Возникает только один вопрос: насколько такое существование совместно с Христианством? Острота постановки этого вопроса только усиливается при воспоминании об огромных, переполненных туристами соборах в Италии и Америке, во Франции и Польше? Что это – просто многолетняя привычка к храму, ставшая элементом повседневного обихода? Неужели не понимают эти люди, что нельзя быть Христианином лишь в храме, только в молитве, служа одновременно и Богу и маммоне? Что нельзя, произнося христианский символ веры – «чаю Воскресения мертвых и жизни будущего века», – одновременно превращать грех в «угощение»? Или мы встречаемся здесь с каким-то иным, чуждым Православию толкованием Христианства? И Христианство ли это вообще?
Если говорить о духовно-культурных сторонах указанного состояния Европы, то придется констатировать следующее: по мере развития и укрепления универсально-рыночных денежных отношений западный человек неуклонно утверждал себя как земного бога, продолжая в большинстве случаев вполне искренне считать себя при этом Христианином, т. е. учеником и последователем Распятого. Ренессанс, Реформация и Просвещение закрепили – соответственно в духе, в культе и в мировоззрении – это самообожествление (самоспасение) западного европейца, сообщив ему при этом религиозную и культурную санкции. Только при этих поистине судьбоносных обстоятельствах мог быть христиански оправдан капитализм – своего рода интернациональная мастерская по производству денег и удобств, где гарантированный обмен услугами есть прежде всего результат работы на себя, ради своей выгоды, эгоистического расчета.
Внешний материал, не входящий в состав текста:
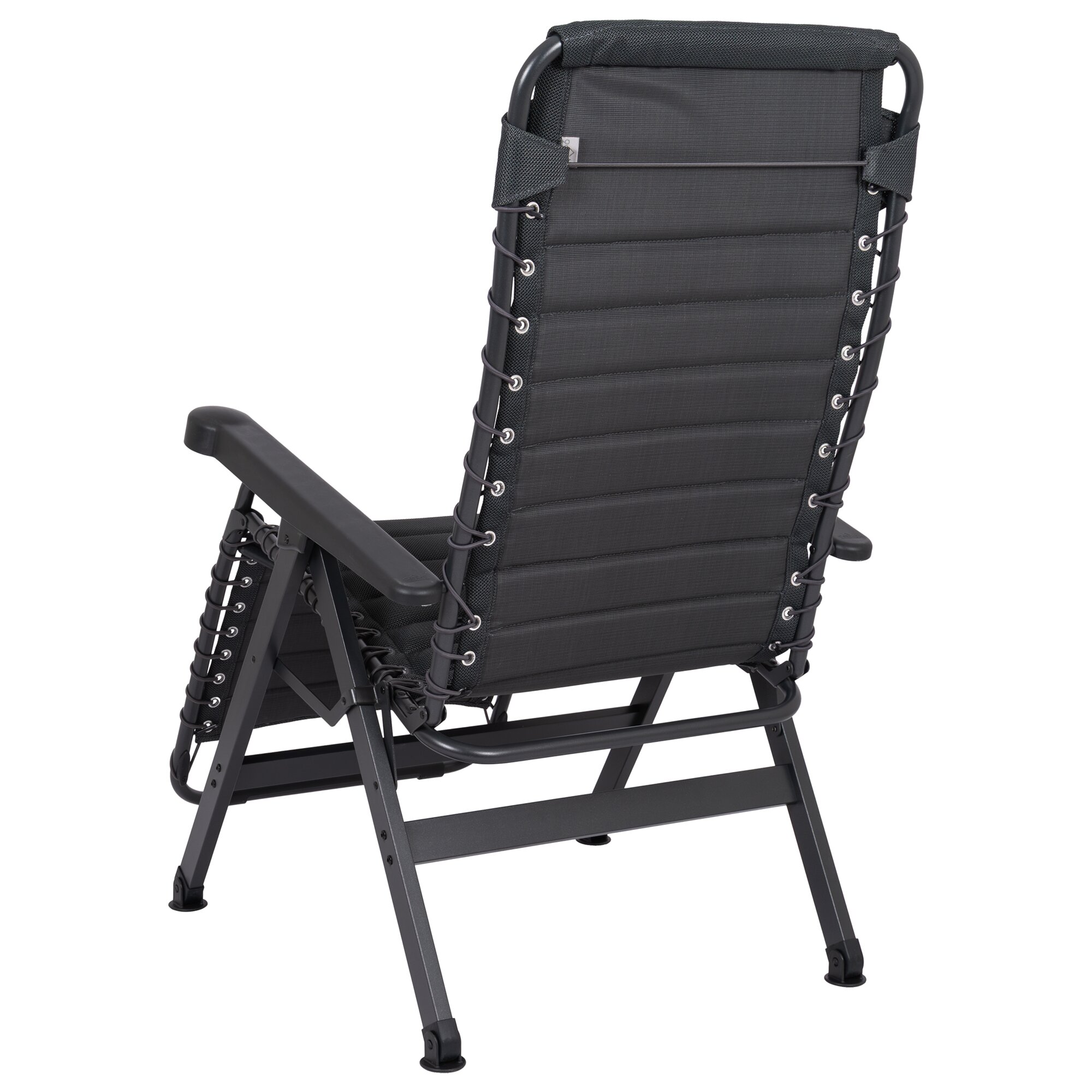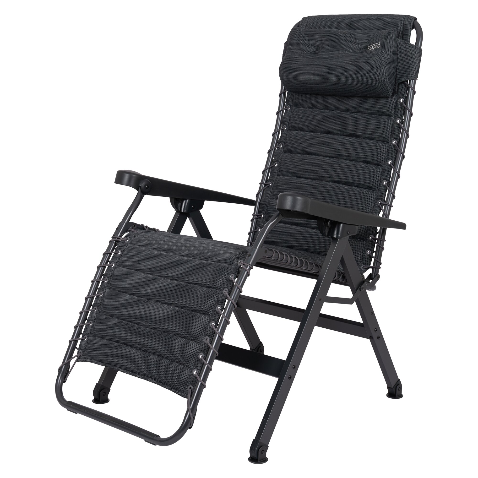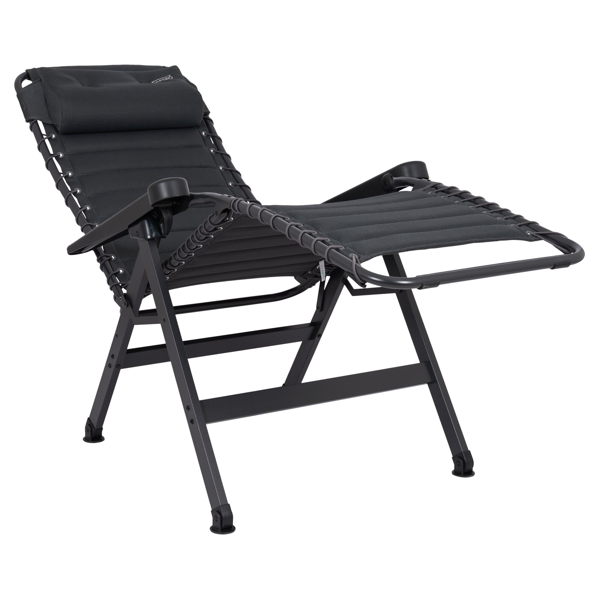 Ergonomischer, stufenlos verstellbarer Relaxsessel mit atmungsaktiver Air-Select Dry Foam-Polsterung. Mit stabilem H-Rahmen, rutschfesten Fußkappen und kompakter Faltfunktion. Inkl. Tragetasche. TÜV-Gütesiegel.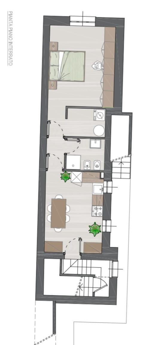 Dalla scala interna si accede al pano seminterrato zona TAVERNA con ingresso in cucina, disimpegno, locale caldaia, bagno e camera.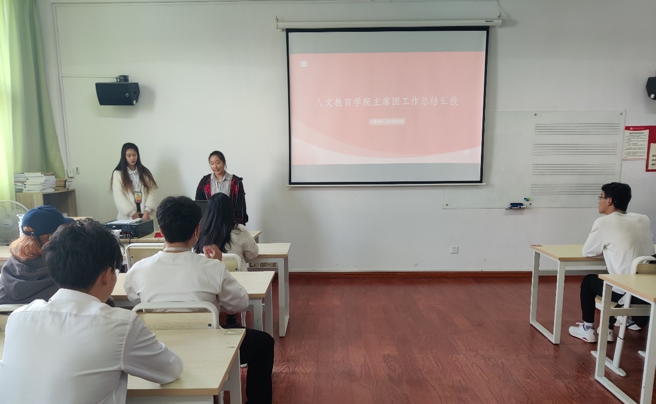 2023年1月3日, 2023-2024学年第一学期人文教育学院分团委总结大会在艺术楼311室召开。会议主要任务是总结本学期分团委工作和规划下学期分团委工作。分团委书记史晓菲老师及所有学生干部出席会议,会议由分团委干部赵美琪主持。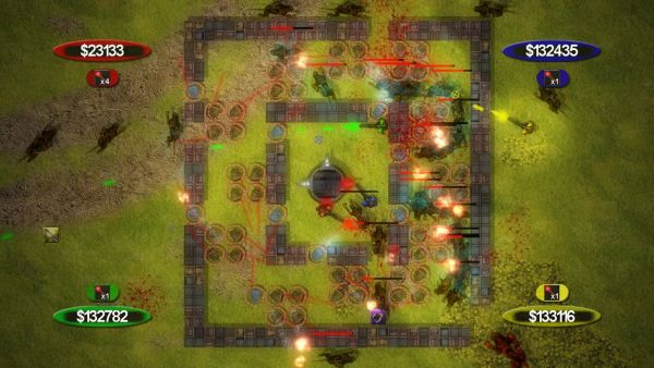 Up to four players, local only, can play at the same time. The cooperative elements are solid, and you'll often find yourself and your friends teaming up at choke points, covering each other's backs. Detracting slightly from the co-op feel is the fact that each player has their own personal reserve of money; I'd have like to have seen a shared stash, or at least the ability to lend money if needed, especially early on when towers are very expensive. Another minor quibble is the fact that only a wall or tower's builder can sell it, which caused some issues with building the perfect maze. Thankfully, the waves are not continuous, so you can take a breather and coordinate as needed between rounds.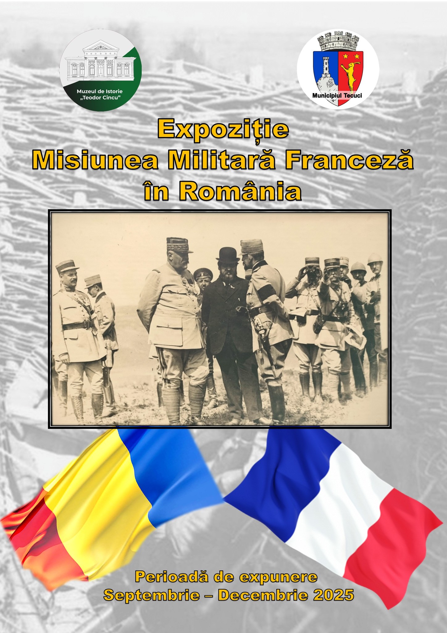 Muzeul de Istorie „Teodor Cincu” Tecuci organizează în perioada septembrie – decembrie 2025 expoziția „Misiunea Militară Franceză”. Publicul este invitat să descopere, în sălile muzeului, o pagină esențială din istoria României legată de Primul Război Mondial: contribuția Misiunii Militare Franceze la rezistența Armatei Române în fața trupelor inamice prin coordonarea operațiunii de către generalul Henri Mathias Berthelot.

Как это соотносится с образом Христа, который изгнал торговцев из храма? Кто сказал, что блаженны плачущие и пострадавшие за правду? Кто предупреждал нас: «Не любите мира, ни того, что в мире» (I Ин. 2 : 15); «не собирайте себе сокровищ на земле» (Мтф. 6 : 19); «удобнее верблюду пройти сквозь игольные уши, нежели богатому войти в Царство Божие» (Мтф. 19 : 24)?
Надо быть совершенно нечутким к Евангелию, чтобы не понимать, что дух Христов и дух капитала полностью противоположны. Когда мы, русские, восхищаемся западным изобилием и порядком, мы часто забываем, что они куплены ценой превращения образа Божия в «одномерное» существо, в заложника его собственной производительно-потребительной активности. Когда мы видим сияющие огни витрин и реклам, наше сознание отодвигает куда-то в глубокие тайники подсознательного факт, что эта роскошь онтологически не вписывается в перспективу христианского спасения, и практически означает не что иное, как красивую оболочку небытия. Одно из двух: или надо действительно забыть Христа и вместе с ним страдание и грех, Воскресение и Спасение, или отдать себе трезвый отчет в том, что изобилие и довольство буржуазной цивилизации подобны сытой улыбке тревоугодника, который уже съел все, что мог, и теперь может себе позволить доброту и благотворительность, содержание университетов и храмов, высокое жалование своих рабов. Tertium non datur – третьего не дано (4).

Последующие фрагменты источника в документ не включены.